NUMBER_OF_CLASSES = 6 # Reduced set has only 4 genres

### Load data

In [3]:
def load_data(json_file):
    with open(json_file, "r") as fp:
        data = json.load(fp)
        
        # Note: mfcc was converted from a numpy array to list before storing in JSON
        #  Need convert back to numpy array
        X = np.array(data["mfcc"])
        y = np.array(data["labels"])
        
    return X, y

### 1. Create train/validation/test sets (unseen)
--------------------------------------------------------

#### Note: CNN expects a 3-D array.
    - Our data was saved with the following parameters
    - num_mfcc=13; num_segments=10; num_mfcc_vectors_per_segment: 130
    - X.data.shape:  (80, 130, 13)
    - y.data.shape:  (80,)
    
    - X.data.shape: dim-1: No of samples = 4 classes * 2 .wav files per genre * 10 segments = 80, 
    -               dim-2: time-bins = 130, 
    -               dim-3: mfcc-features = 13)

### For CNN we need to add an additional channel: 
    - Loaded X is (80, 130, 1)
    - For CNN, X needs to be (130, 13, 1)
    - The 3rd dim is the CHANNEL so will be 1
    - So X becomes actually a 4D arraay with the added channel dim

In [4]:
def prepare_datasets(test_size=0.25, validation_size=0.2):
    # load data
    X, y = load_data(JSON_DATA_FILE)
    
    # create train/test split
    X_train, X_test, y_train, y_test = train_test_split(X, y, test_size=test_size)
    
    # create train/validation set
    X_train, X_validation, y_train, y_validation = train_test_split(X_train, y_train, 
                                                                    test_size=validation_size)
    
    # CNN expects a 3-D array
    # -----------------------
    # Our data was saved with the following parameters
    #    num_mfcc=13; num_segments=10; num_mfcc_vectors_per_segment: 130
    # X.data.shape: dim-1: No of samples = 4 classes * 2 .wav files per genre * 10 segments = 80, 
    #               dim-2: time-bins = 130, 
    #               dim-3: mfcc-features = 13)
    # y.data.shape:  (80,)
    #
    #
    # For CNN we need to add an additional channel: 
    # - Loaded X is (80, 130, 1)
    # - For CNN, X needs to be (130, 13, 1)
    # - The 3rd dim is the CHANNEL so will be 1
    # - So X becomes actually a 4D arraay with the added channel dim
    
    # Create the 3-D array for X_train, but first add newaxis for channel
    X_train = X_train [..., np.newaxis]           # 4D array = [num_sample, 130, 13, 1]
    X_validation = X_validation [..., np.newaxis] # -- "" --
    X_test = X_test [..., np.newaxis]             # -- "" --
    
    # Return the 4-D data
    return  X_train, X_validation, X_test, y_train, y_validation, y_test

### 2. Build the CNN network

In [5]:
def build_model(input_shape):
    
    # Ceate model
    model = keras.Sequential()
    # 1st conv. layer (along with max-pooling,normalize output - which speeds up training)
    model.add(keras.layers.Conv2D(filters=32, kernel_size=(3,3), activation='relu', 
                                  input_shape=input_shape))
    model.add(keras.layers.MaxPooling2D((3,3), strides=(2,2), padding='same'))
    model.add(keras.layers.BatchNormalization())              
    
    # 2nd. conv. layer - same as above.
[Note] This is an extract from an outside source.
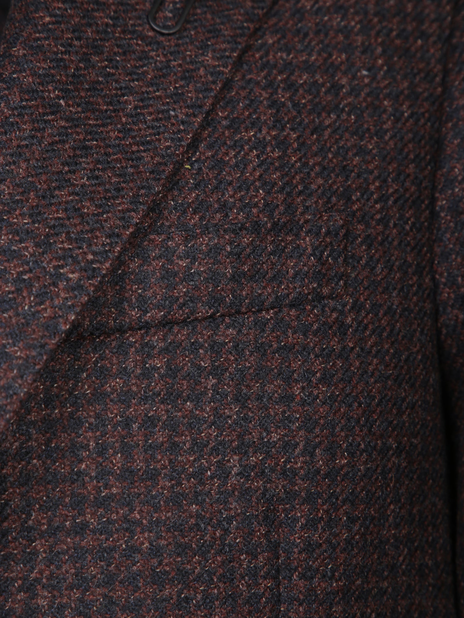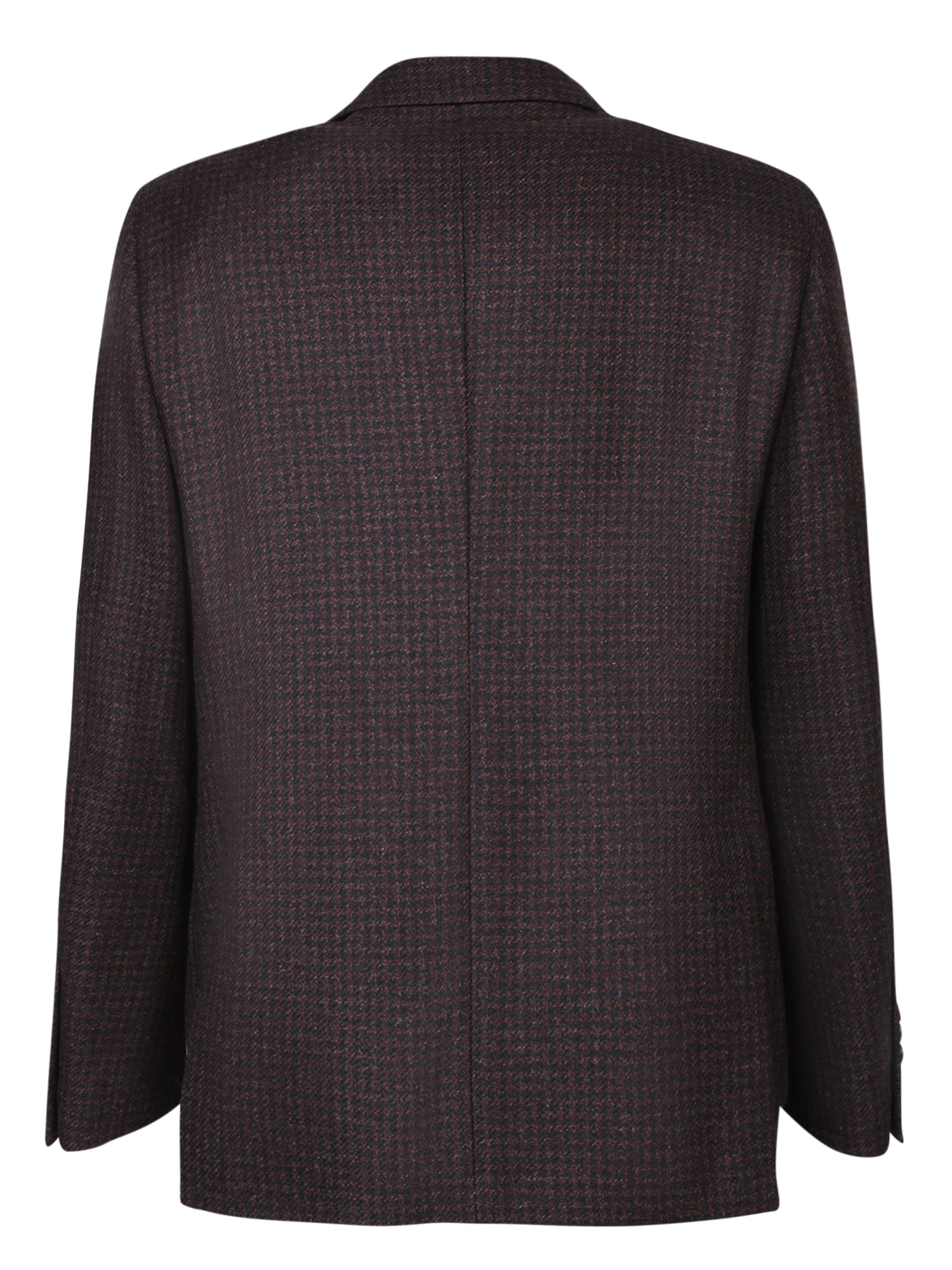 Two-button mixed fabric jacket. Classic lapels, two front pockets, front button closure.

Note input shape remains same
    model.add(keras.layers.Conv2D(filters=32, kernel_size=(3,3), activation='relu', 
                                  input_shape=input_shape))
    model.add(keras.layers.MaxPooling2D((3,3), strides=(2,2), padding='same'))
    model.add(keras.layers.BatchNormalization())                      
    
    # 3rd. conv. layer - same as above but reduce filter sizes (both kernel and pooling)
    # Again, note, input shape remains same
    model.add(keras.layers.Conv2D(filters=32, kernel_size=(2,2), activation='relu', input_shape=input_shape))
    model.add(keras.layers.MaxPooling2D((2,2), strides=(2,2), padding='same'))
    model.add(keras.layers.BatchNormalization()) 
    
    # Flatten the output and feed to a dense layer, also add dropout to reduce over-fitting
    model.add(keras.layers.Flatten())
    model.add(keras.layers.Dense(64, activation='relu'))
    model.add(keras.layers.Dropout(0.3))
    
    # Final output layer with softmax) for classification
    # Neurons = number of classes i.e. genres = NUMBER_OF_CLASSES
    model.add(keras.layers.Dense(NUMBER_OF_CLASSES, activation='softmax'))
    
    return model

### Utility functions: 
1. Plot accuracy/loss curves
2. Load JSON data file and return genre names

In [6]:
def plot_history (history, regularization_flag=False):

    fig, axs = plt.subplots(2, figsize=(12, 8)) # width, height
    
    # Accuracy sub-plot
    axs[0].plot(history.history["acc"], label="Training accuracy")
    axs[0].plot(history.history["val_acc"], label="Test accuracy")
    axs[0].set_ylabel("Accuracy")
    axs[0].legend(loc="lower right")
    axs[0].set_facecolor('#FFFFF0') # little darker biege: #F5F5DC
    if regularization_flag: axs[0].set_title("Accuracy plot (with regularizatiton)")
    else: axs[0].set_title("Accuracy plot")
    
    # Error (loss) sub-plot
    axs[1].plot(history.history["loss"], label="Training error")
    axs[1].plot(history.history["val_loss"], label="Test error")
    axs[1].set_ylabel("Error")
    axs[1].set_xlabel("Epochs")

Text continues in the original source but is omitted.